On the seventh day, God rested. But for four years, I didn’t.
My body finally said “No more!” I was laid out on the couch for two weeks, stressed and exhausted. Four years of continuous strategizing and deliberating had taken its toll.
On top of running my businesses, I was involved in major campaign to clean up the air in Prince George, once considered the armpit of Canada. Our group garnered the support of the community, we negotiated with government, and industry came onboard and worked considerably to reduce their impact on the airshed. Odour was cut by 60 per cent and particulate was reduced by 40 per cent.
We made a difference. But every day for those four years, I worked on the project, even on my days off, and I paid the price.
One of the key principles of many of the creation stories integral to the major religions is the concept of having a day of rest. I’m old enough to remember the days when almost every business closed on Sunday. Sundays were a time for church, socializing and family dinners. You wouldn’t drive by a construction site and see workers, there would be no road works, no grocery shopping and no car sales.
Things are different now. But should they be?
Just as I worked myself to exhaustion because I didn’t give my brain a rest, many of us have given up on the thought of having a day off each week.
Many of the women I know work all week, and the weekend is for working at home, doing laundry and cooking up a storm for the coming week. Many of the men I know work five or six days a week and on their days off, they’re busy fixing up the house, completing the honey-do list.
Business owners work seven days a week to ensure that their business – which they now feel needs to be open seven days a week – is running smoothly. Many business owners, even on their day off, are thinking about the business. They can’t shut their minds off. They’re frazzled trying to figure out how to get the business working better, how to get it making money.

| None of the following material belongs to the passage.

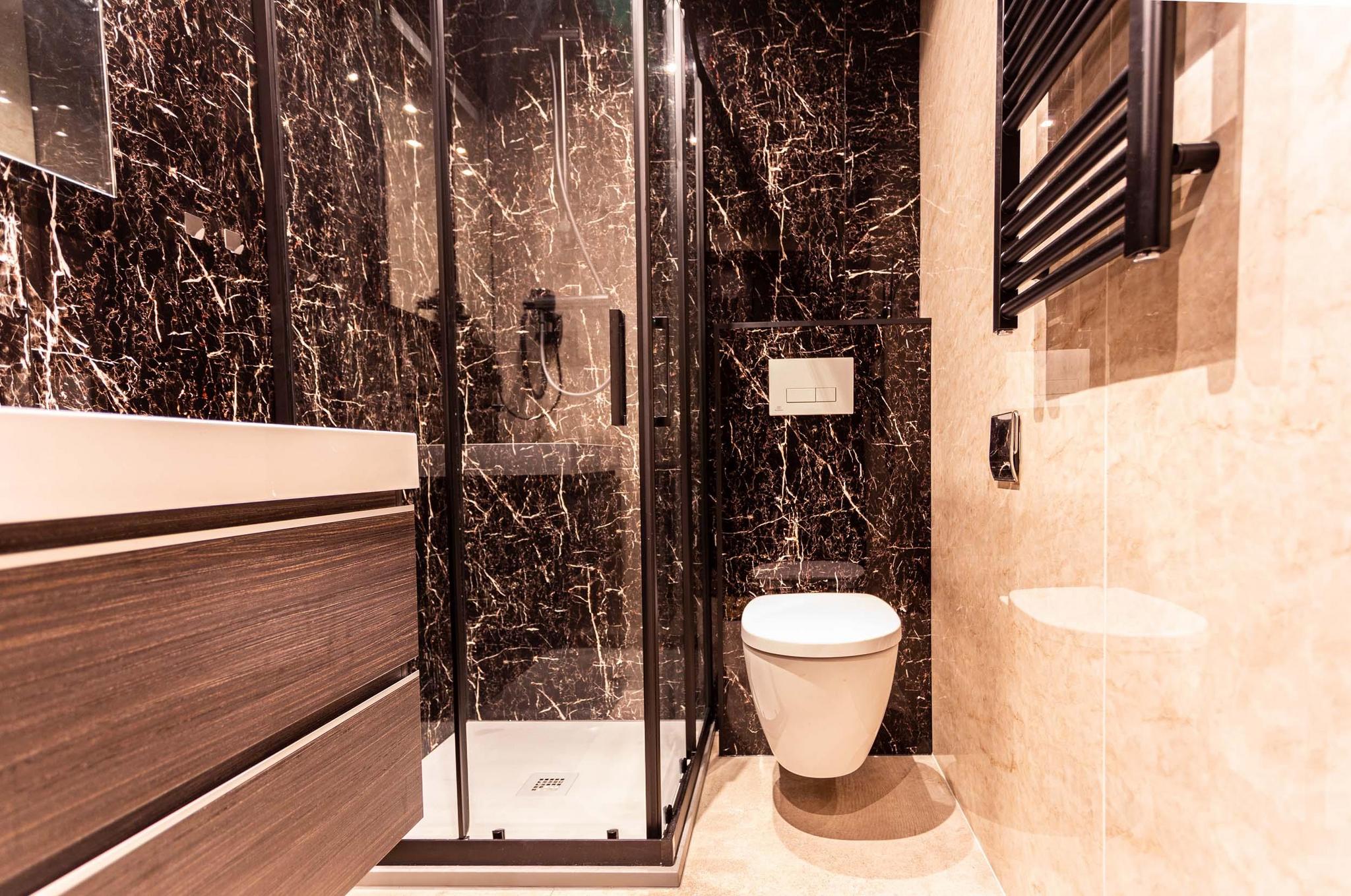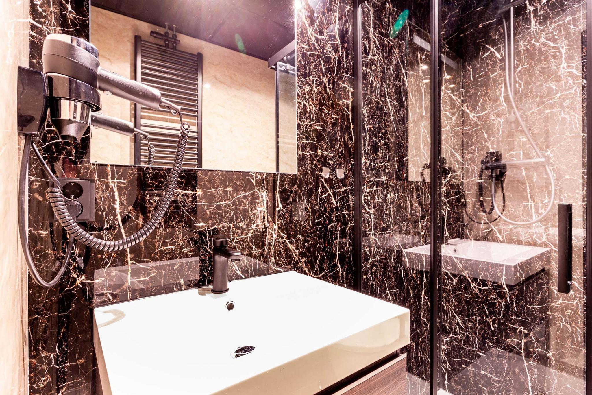 - Badkamer met douche, wastafel en toilet
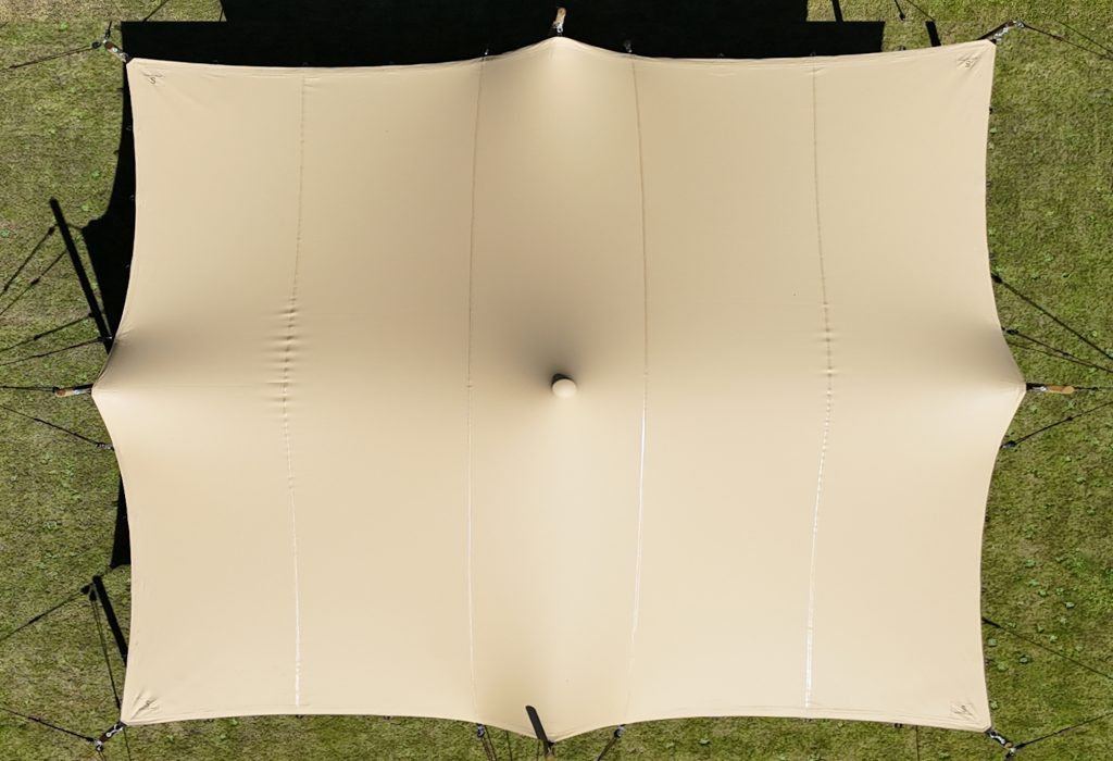 Nuestras carpas elásticas se fabrican con una meticulosa atención al detalle y a la calidad. El tejido de 720 g/m² está recubierto por una cara y presenta un acabado textil técnicamente avanzado en la parte inferior, desarrollado exclusivamente por nuestro equipo interno. Esta combinación de materiales de alta calidad y textiles ignífugos garantiza una solución duradera y segura, asegurando que su evento no solo sea cómodo, sino también sin preocupaciones.

But does all this busyness pay?
My partner in our retail stores insisted from day one that we be open long hours, seven days a week. While I disagreed, he put up the money and had a little more pull than I did.
For many years, being open late and on Sundays were conveniences for our customers that didn’t really pay. A few years ago, we cut back our hours and measured the difference. I also decided to start closing one of our locations on Sunday to see if it would make a difference. It was difficult to find staff who wanted to work Sundays. In reality, Sunday sales were only marginal.
Cutting our hours and closing on Sundays did make a difference – a positive difference!
Closing Sundays didn’t hurt the business. In fact, our sales didn’t drop. People who shopped on Sunday now came during the week. Saturdays and Mondays became a little busier.
When we cut our hours and closed Sundays, the business became more profitable because our labour costs were reduced. My staff were happier since they didn’t have to work Sundays and could spend time with their families. Everyone seemed more rested.
As business owners, we think we need to continue to drive harder. We imagine we need to push ourselves, our staff and our organizations to work more, go further and have greater sales.
But our bodies end up saying no, our minds need a rest and our staff need to have breaks. Even our customers seem to appreciate us more if there is some scarcity.
Working harder doesn’t make more money. Working smarter does. We need time off to think about other things, to pursue recreation to refresh our minds and bodies, to socialize to refresh our spirits, and contemplate to replenish our souls.
If I could have turned my brain off more during our air quality campaign, or closed that store on Sundays years before, or had more do-nothing days with my family, I believe I’d be further ahead today. And I wouldn’t be suffering the lasting effects of years of chronic stress.
How often do you have do-nothing days? Is your body starting to say “No!” to working so hard? Does your business really need operate all the hours you’re open?
Perhaps the great religions have it right about having a day of rest. Think about how you can work less so you can earn more.